Aşkın Kimyası Nasıl Oluşur?
Aşkın kimyası, beynin birçok bölgesinde ve nörotransmitterler arasındaki karmaşık etkileşimler sonucu oluşur. Bu etkileşimler, beyindeki nöronlar arasındaki bağlantıları etkiler ve aşkın kimyasal sürecini başlatır.

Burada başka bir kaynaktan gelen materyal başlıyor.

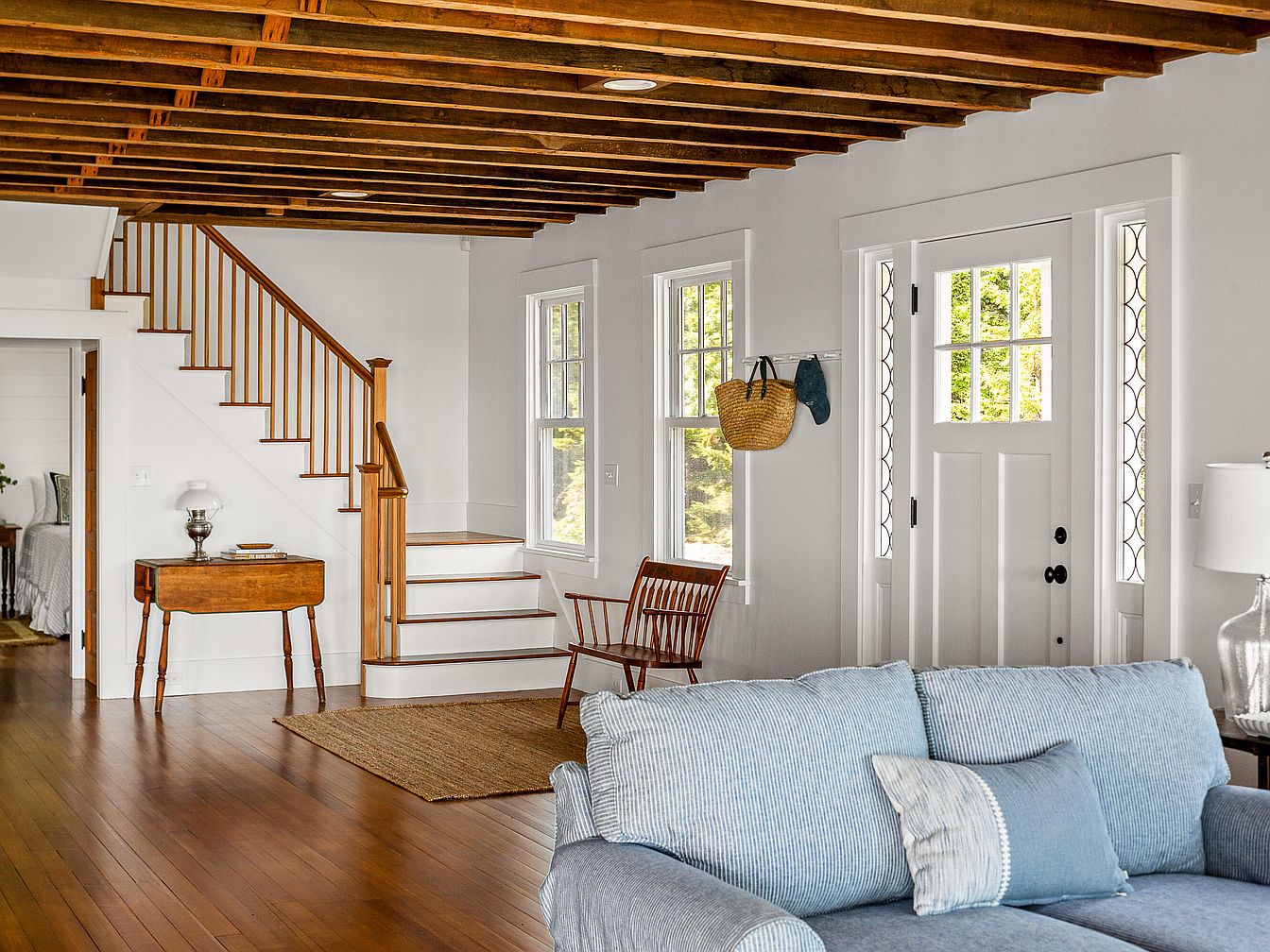 This spacious entryway features a blend of traditional and modern design elements. Light-colored wooden flooring enhances the welcoming atmosphere, while exposed wooden beams add character and warmth. A winding staircase, with a polished wooden banister, leads to the upper floor. Natural light floods in through multiple windows, framed by white trim, creating an airy feel. A rustic side table complements the space, adorned with a vintage lamp and decorative items. A woven basket hangs by the door, exuding casual charm. A cozy, blue-striped sofa invites relaxation, completing the inviting aesthetic of this well-designed entry.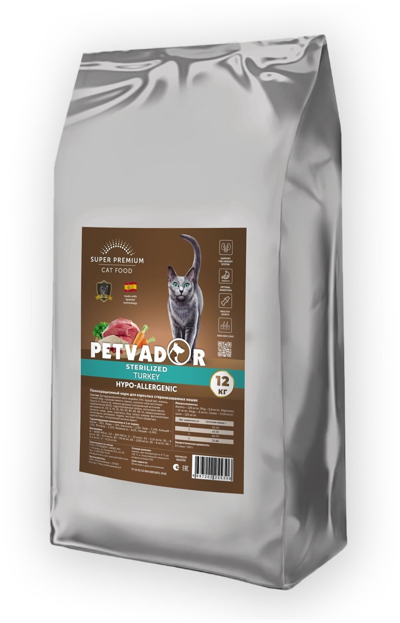 PETVADOR Полнорационный корм для стерилизованных кошек и кастрированных котов, 12 кг интересное: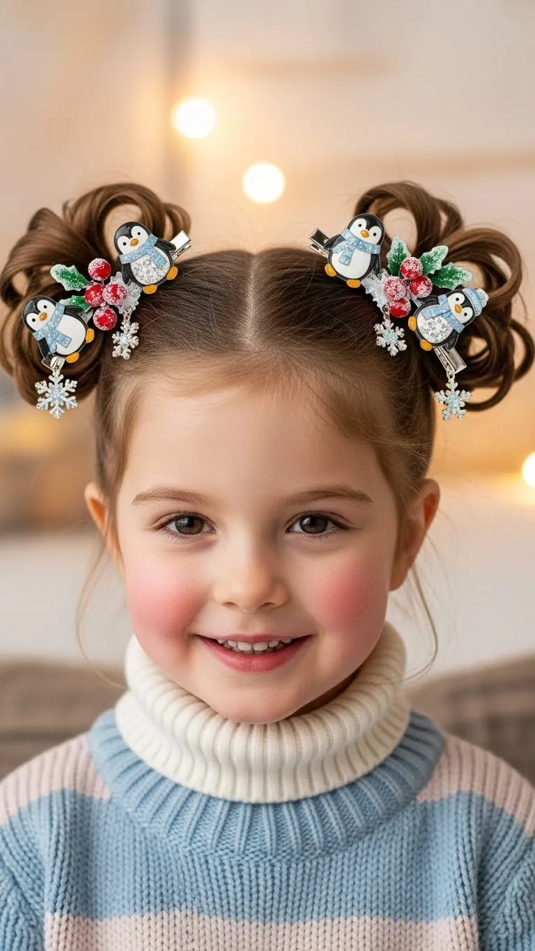 Looped pigtails are simple and cute. Form two pigtails. Instead of pulling the hair all the way through the last loop, leave it halfway to create a round shape. Add penguin clips or small winter-themed accessories. These are inexpensive and easy to reuse. Kids love the cartoon look. This style holds well for active play. Use a small comb to smooth the parts. You can place a ribbon at the base of each loop to add color. Works on short or medium hair. It takes only a few minutes and looks sweet for school events or Christmas gatherings.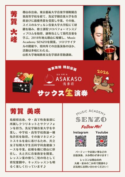 ASAKASO ロビー/MC込みで一回30分/約10名/サックス2本(芳賀大峰・芳賀美咲)+伴奏音源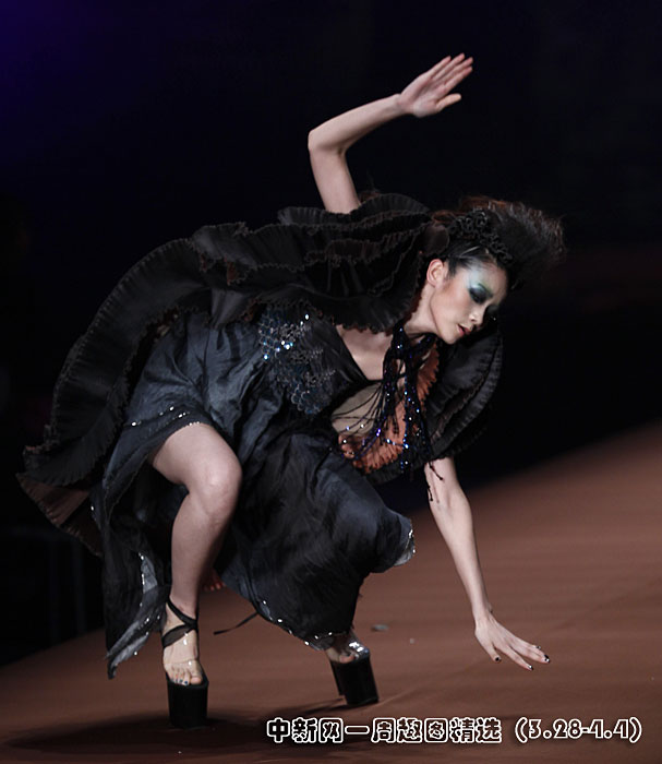 3月29日晚,旭化成·中國時裝設計師創(chuàng)意大獎張義超作品發(fā)布會在北京舉行,一名模特在T型臺上“失足”摔倒。圖片來源:中國新聞網>>點擊觀看詳細內容

Aşık olan kişilerde, beyindeki dopamin seviyeleri artar ve bu da mutluluk, neşe ve heyecan gibi pozitif duygulara neden olur. Aynı zamanda, beyindeki noradrenalin seviyeleri artar ve bu da fiziksel belirtilere neden olur, kalp atış hızı ve kan basıncı artar, nefes alma hızı artar ve terleme gibi belirtiler ortaya çıkar. Bu belirtiler, aşık olan kişilerin birbirlerine yakınlaşmasına ve bağlanmasına yardımcı olabilir.
Aşkın kimyası sürecinde, beyindeki serotonin seviyeleri de etkilenir. Serotonin, beynin mutluluk merkezinde önemli bir rol oynar ve aşık olan kişilerde düşebilir. Bu, aşkın yoğunluğunu artırabilir ve aynı zamanda aşık olan kişilerin diğer insanlara karşı olan duyarlılıklarını da artırabilir.
Aşkın Kimyası Nasıl Etkilenir?
Aşkın kimyası, birçok faktörden etkilenebilir. Aşık olan kişiler arasındaki fiziksel temas, özellikle dokunma, beyindeki dopamin seviyelerini artırabilir. Aynı zamanda, kişinin beğenisine uygun bir yemek yemesi, bir konser veya etkinlikte bulunması gibi diğer keyifli deneyimler de dopamin seviyelerini artırabilir.
Aşkın kimyası, aynı zamanda strese de duyarlıdır. Özellikle, ayrılık veya reddedilme gibi negatif deneyimler, beyindeki noradrenalin seviyelerini artırabilir ve depresyon, endişe ve üzüntü gibi duygulara neden olabilir. Bu nedenle, aşk ilişkileri bazen inişli çıkışlı olabilir ve aşkın kimyası süreci, diğer duyguların da etkisiyle karmaşık bir hale gelebilir.
Sonuç
Aşkın kimyası, insanlar arasındaki romantik ve duygusal bağların bir parçasıdır. Beyindeki nörotransmitterler, özellikle dopamin, noradrenalin ve serotonin gibi kimyasal bileşenler, aşkın yoğunluğunu ve süresini belirler. Aşkın kimyası, aynı zamanda insan sağlığı üzerinde de etkilere sahip olabilir. Ancak, aşkın kimyası süreci her zaman pozitif değildir ve bazen negatif duygulara neden olabilir. Bu nedenle, insanlar aşk ilişkilerinde dikkatli olmalı ve aşkın kimyası sürecinin tüm yönlerini anlamaya çalışmalıdır.